Let’s look at it from the point of view of a computational engineer for simulation technologies.
For a strength evaluation, one needs the load even during movement. The orthopedic technician’s criterion is only the body weight. However, this alone cannot be sufficient, especially since there is no knowledge whatsoever about the load application.
It is clear that the prosthesis must hold, and that it should also be comfortable, which is already less gripping. How do you want to evaluate that? The contact pressure between the residual limb and the socket can be used here.
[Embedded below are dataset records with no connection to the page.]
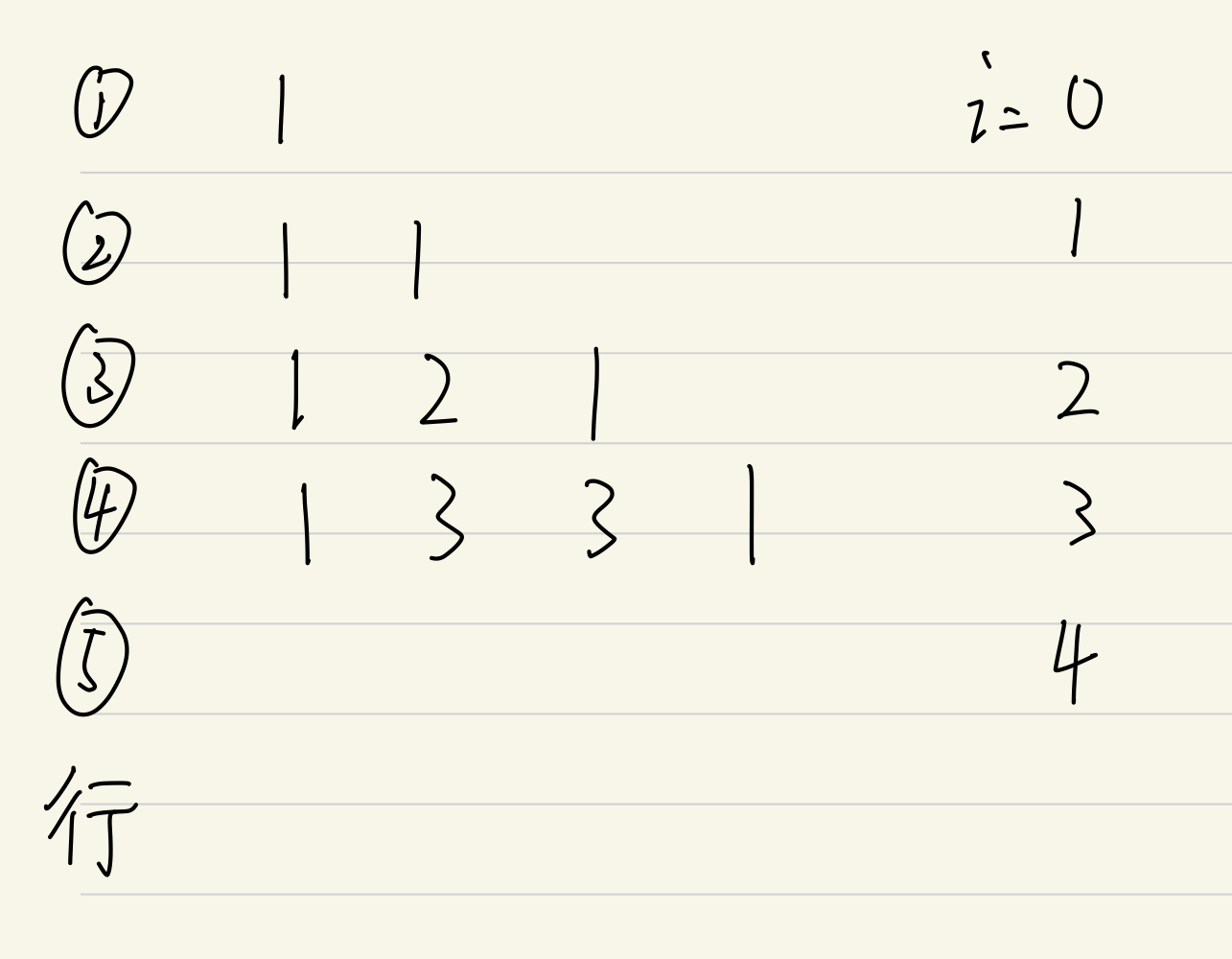 此时,数组第0项为1,第一行已经输出了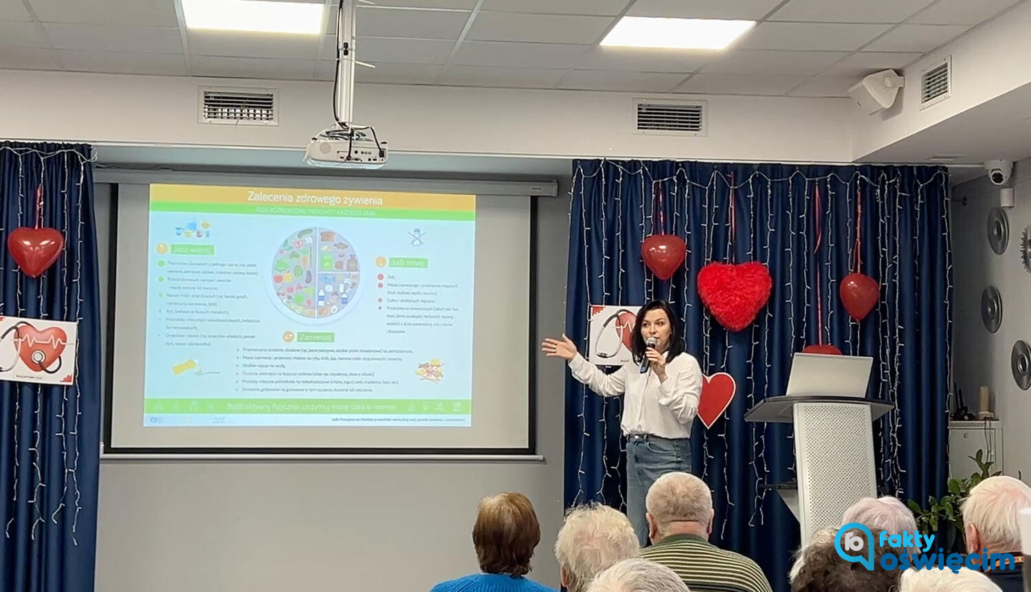 Po części edukacyjnej seniorzy mogli skorzystać z pomiaru ciśnienia, poziomu cukru oraz badania EKG. Każdy otrzymał broszurę dotyczącą zdrowego odżywiania oraz książeczkę do monitorowania ciśnienia i cukru.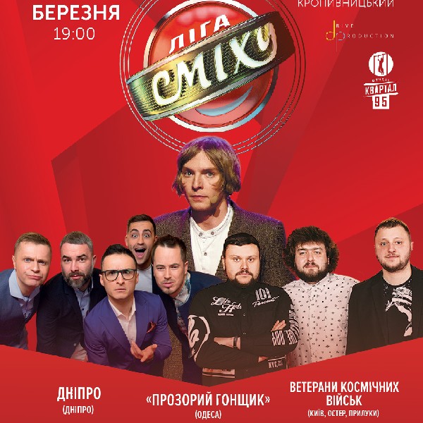 Справжні чемпіони найрентинговішого гумористичного шоу на телебаченні «Ліга Сміху»: Команди «Прозрачний Гонщик», «Дніпро» та «Ветерани космічних військ».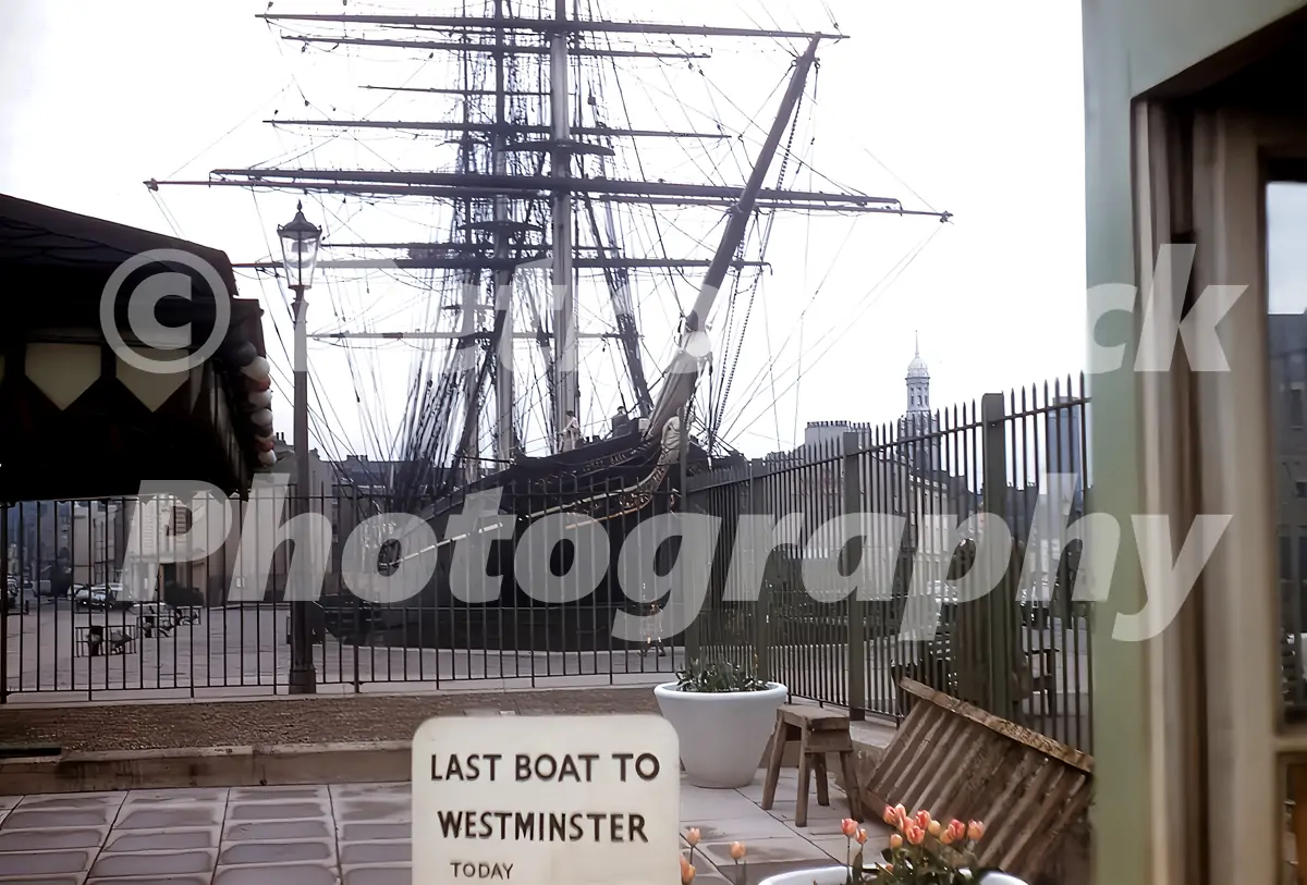 This authentic 1950s colour photograph captures the legendary tea clipper Cutty Sark shortly after it was opened to the public in Greenwich. Taken in 1959, the image shows the ship’s intricate rigging and majestic hull resting in its specially constructed dry dock. In the foreground, a white sign on a stone terrace informs visitors of the “LAST BOAT TO WESTMINSTER TODAY,” highlighting the vessel’s role as a major post-war tourist attraction along the Thames. The composition includes a view through metal railings towards the historic Greenwich waterfront, with a white planter and wooden stool adding a quiet, observational quality to the scene. This archival print is a meticulous record of London’s maritime heritage and serves as a significant document of the ship’s early years as a museum. It is an ideal resource for historical research, editorial use, or to print for yourself as a unique gift for those who admire classic sailing ships and the history of the Thames.

And there you have a criterion that can be optimized with simulation technologies. The load, completely evenly distributed, is a theoretical optimum, but it can be used to evaluate it. Optimal here means that the voltage peaks are minimal.
Here, too, it becomes apparent that simulation technologies have not yet really arrived in medical technology. A lot is done by experiment and empiricism, whereas stress, fatigue strength and contact pressure are rather foreign words.
Perhaps this is because medical engineers think in mmHg. A very strange unit for a pressure or a tension, says at least my division manager Maik Brehm. This unit has not been generally permissible since before he was born, namely since January 1, 1978.
What can we do better here?
In the (unfortunately not entirely cheap) extreme case, we can put an MRI-measured residual limb with bone, muscle and tissue into a 3D-printed socket and optimize it via simulations until the contact pressure reaches a minimum over several loading scenarios (standing, walking, jumping, bending, etc.).
With one of our research projects, ROAD3D, we are looking at the tolerable stresses of 3D printed components. In another research topic we are dealing with the simulation of the human body or parts of it. Optimal conditions therefore for the right know-how – also for medical technology, at Merkle & Partner.
In the affordable case, we investigate the strength via FEM methods, evaluate and reinforce critical zones, and design the prosthesis in an engineering manner.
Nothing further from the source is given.